Infotren.id - Perseteruan antara Dokter Andreas Situngkir dengan Dokter Detektif memasuki babak baru. Dokter Detektif telah ditetapkan menjadi tersangka atas dugaan kasus ITE yang dilaporkan oleh dr Andreas Situngkir di Polrestabes Medan, Sumatera Utara.
Hal itu diungkapkan kuasa hukum dr Andreas Situngkir, Julianus P Sembiring. Julianus menyebut jika Dokter Detektif resmi berstatus tersangka sejak Senin (17/3/2025).
"Jadi laporan kami atas nama dr Andreas Situngkir yang dibuat di Polda Sumut dengan nomor LP/B/1400/X/2024 per 8 oktober 2024 dengan terlapor awalnya 1 buah akun dengan nama akun doktif yang kemudian dilaporkan pada persangkaan Pasal 27A Undang-Undang ITE," ungkap Julianus P Sembiring saat dihubungi awak media, Senin (17/3/2025).
Julianus P Sembiring menjelaskan bahwa hasil pelaporan di Polda Sumatera Utara dilakukan proses lidik, dan dalam proses tersebut dilakukan gelar perkara dan naik menjadi sidik.
"Kemudian, sudah dilakukan pemanggilan saksi-saksi yang sudah dihadirkan termasuk saksi ahli, yang kemudian pada hari ini per 17 Maret 2025 telah mendapatkan informasi resmi dari Polrestabes Medan melalui SP2 HP-nya maka kami sampaikan bahwa penyidik telah melaksanakan gelar perkara," terangnya.
"Yang kemudian penyidik telah berpendapat bahwa Doktif telah ditetapkan sebagai tersangka maka dari itu akan dilakukan pemanggilan lanjutan akan dimintai keterangan," sambungnya.

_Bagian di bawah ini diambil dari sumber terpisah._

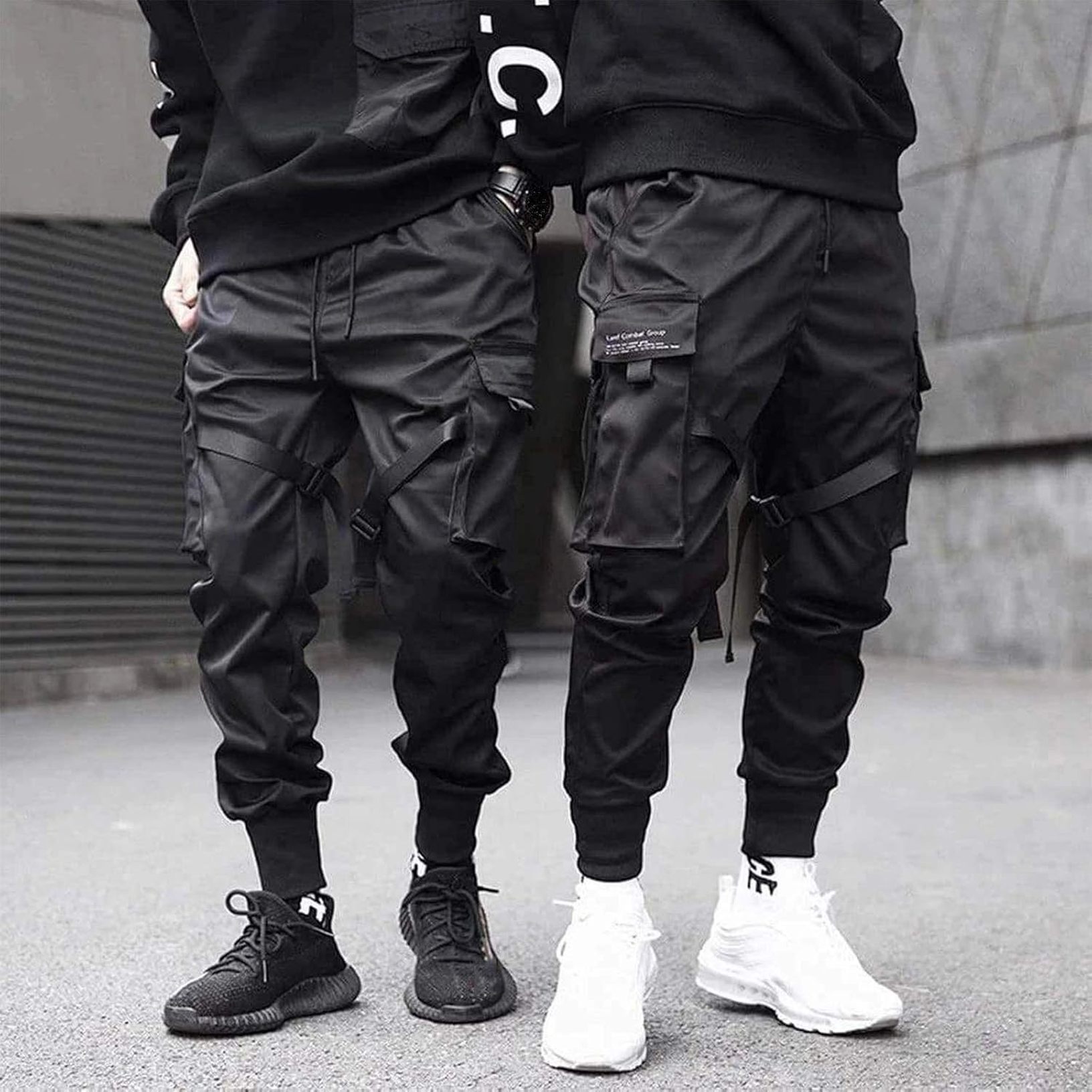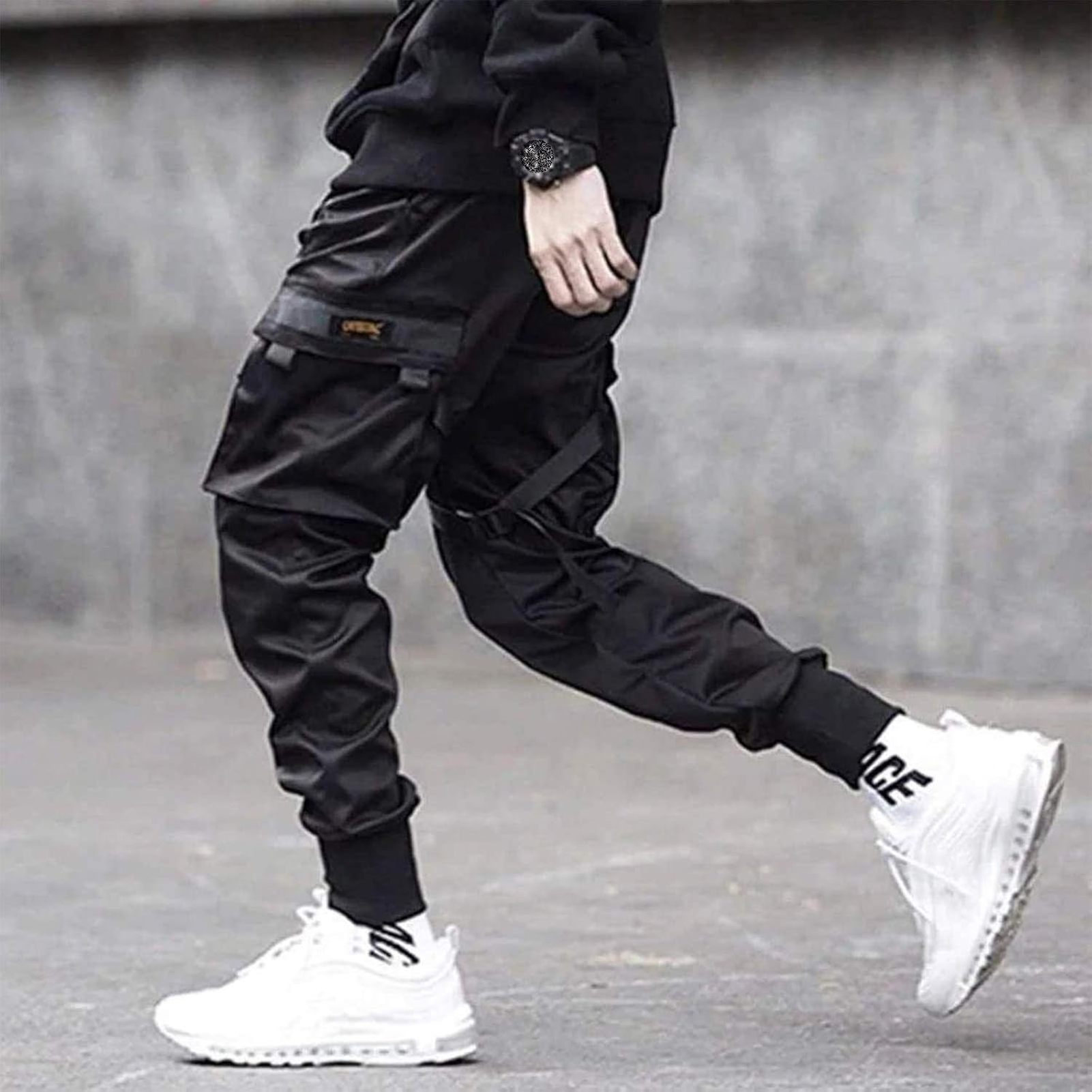 サイドに実用的なポケットが付いたアイスシルク製のメンズカーゴパンツ!調整可能なサイズ展開で幅広い体型に対応!
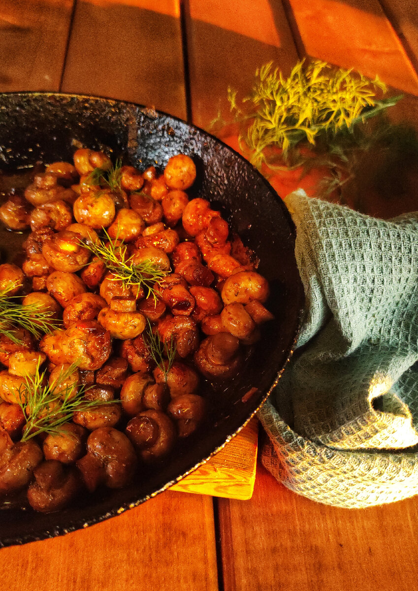 Сейчас в магазинах в продаже огромное количество шампиньонов отличающихся по сорту и размеру. Очень полюбились мне маленькие грибочки, какие они красавчики всегда на фудфотографии, ммм. И готовить их очень просто и быстро. И так, ИНГРЕДИЕНТЫ: ✔️ 250-300 гр. мини шампиньоны ✔️ 1 ср. луковица ✔️2 зуб. чеснока ✔️соль по вкусу ✔️1 ч.л. базилик сушенный ✔️ 25 мл белого сухого вина ✔️1 ст.л. бальзамического соуса ПРИГОТОВЛЕНИЕ: 1. Шампиньоны промыть и хорошо высушить, чтобы не было лишней влаги 2. На разогретой сковороде обжарить пару минут чеснок, нашинковать тонко лук, добавить к чесноку и пассеровать до золотистого цвета 3. Добавить к луку грибы и обжарить 2-3 минуты, следите чтобы лук не пригорал 4. Влить вино, добавить бальзамический соус, базилик, соль и тушить до готовности 5. При подаче украсить свежей зеленью Если понравился рецепт оставьте реакцию 👍 и подписывайтесь на мой канал, чтобы не пропустить новый вкусный рецепт Приятного аппетита!
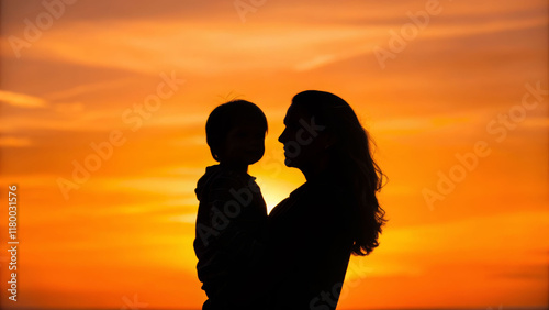 Embracing sunset silhouette of a mother and child beach photography warm colors close-up love
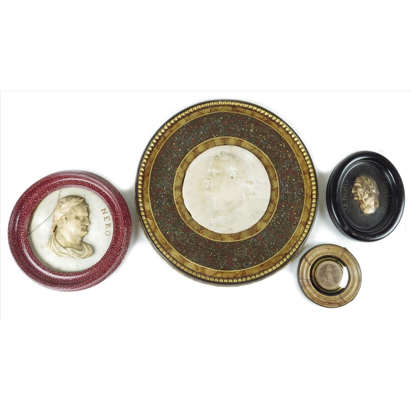Three Italian Grand Tour carved marble profile relief busts of Roman emperors, titled 'SERGIO GALBA', 'NERO' and 'VESPAS AUG', in painted wood frames, 13¾in (34.8cm) diameter, together with a classical engraving within a moulded marble frame, 19th century and later. (4)
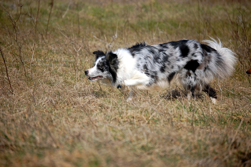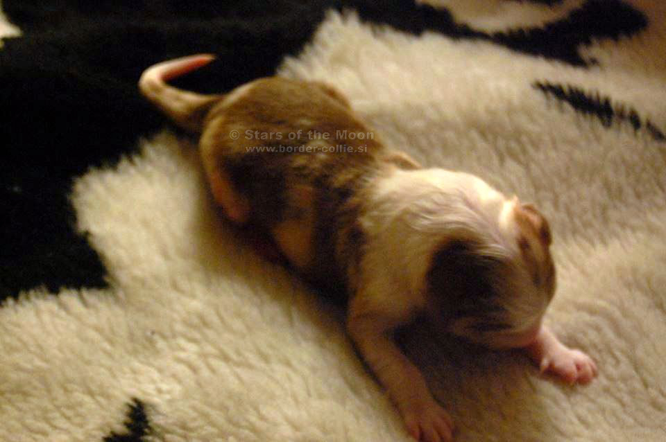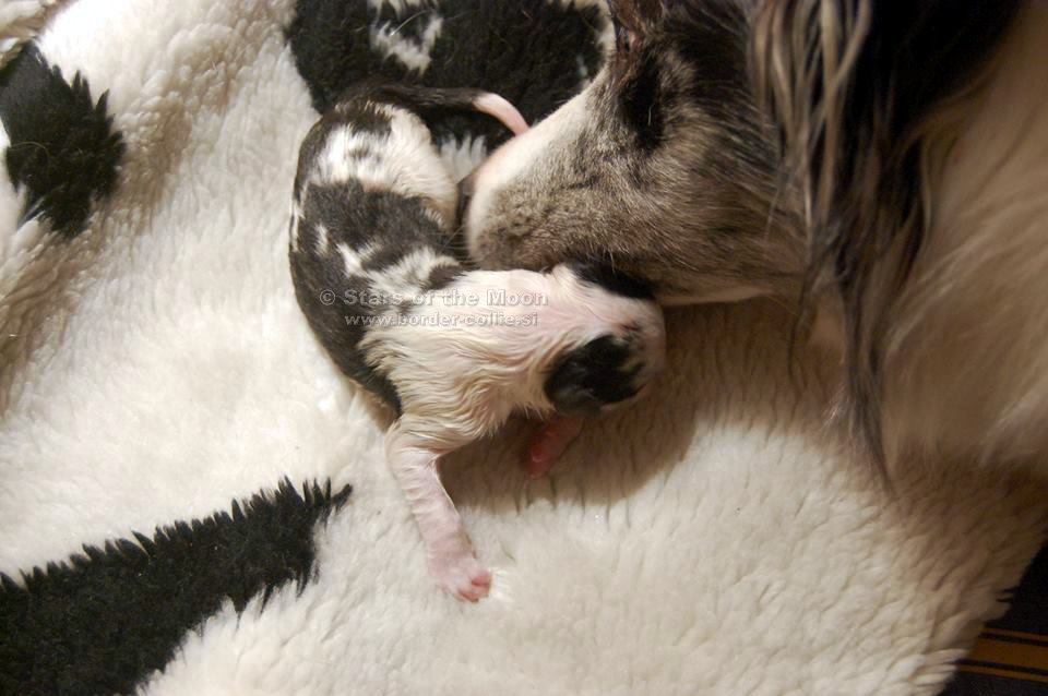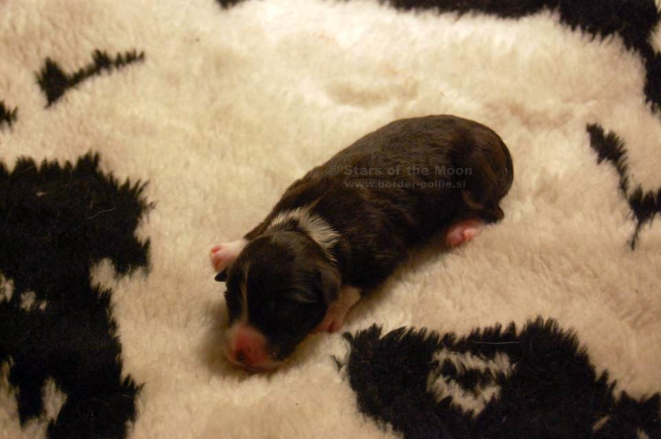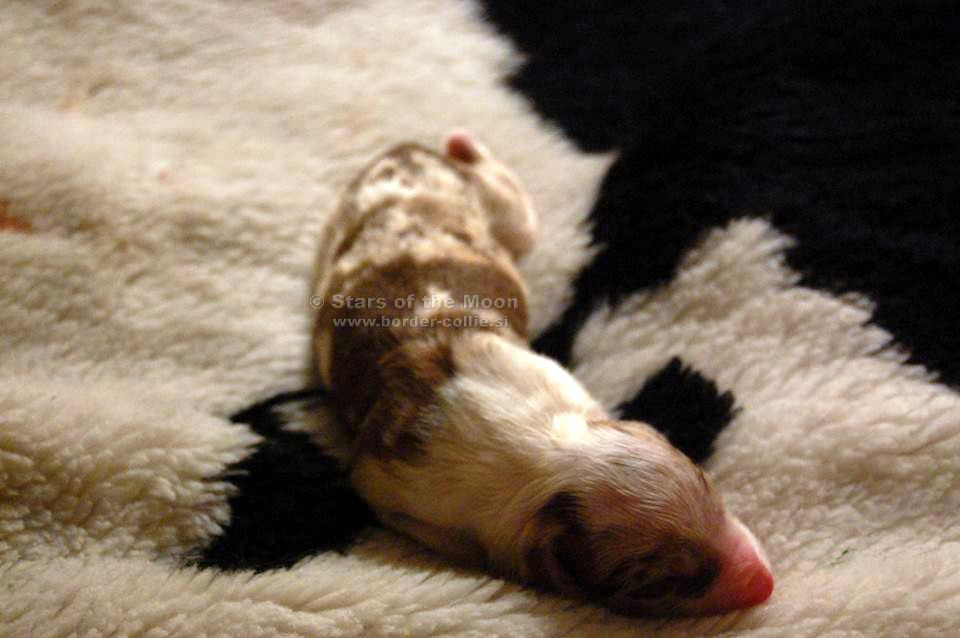 (Orio My Racy Fellow vom Beutenhof x Allymoon X’tremlynice), blue-merle, dolgodlaka, ocena kolkov: A1/A1, ocena komolcev: Normal (0) / Normal (0), CEA: Normal po starših, vzrejna ocena: Odlično – A
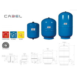 El vaso de expansión CABEL VEM150L10B está especialmente diseñado para instalaciones de agua caliente sanitaria (ACS). Su función es absorber el aumento de presión provocado por la elevación de temperatura en el circuito, evitando daños en la instalación y manteniendo una presión constante y segura.
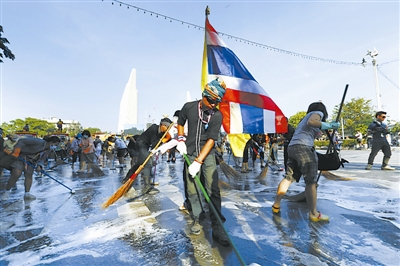 当地时间2013年12月4日,泰国曼谷,反政府示威者正在清扫街道。东方IC 供图

Pihak Andreas Situngkir berharap dengan adanya penetapan tersangka yang dilakukan oleh Polrestabes Medan, dapat membuat Dokter Detektif segera ditahan.
"Maka kami sebagai kuasa hukum dr Andreas Situngkir bahwa dengan telah dipertontonkan oleh Doktif atas perbuatan di media sosial, kami melihat unsur dari Pasal 21 ayat 1 yang awalnya subyektif menjadi obyektif," ujarnya.
"Kami berharap Doktif bisa ditahan karena sudah melakukan pidana berulang terhadap klien kami," pungkas Julianus.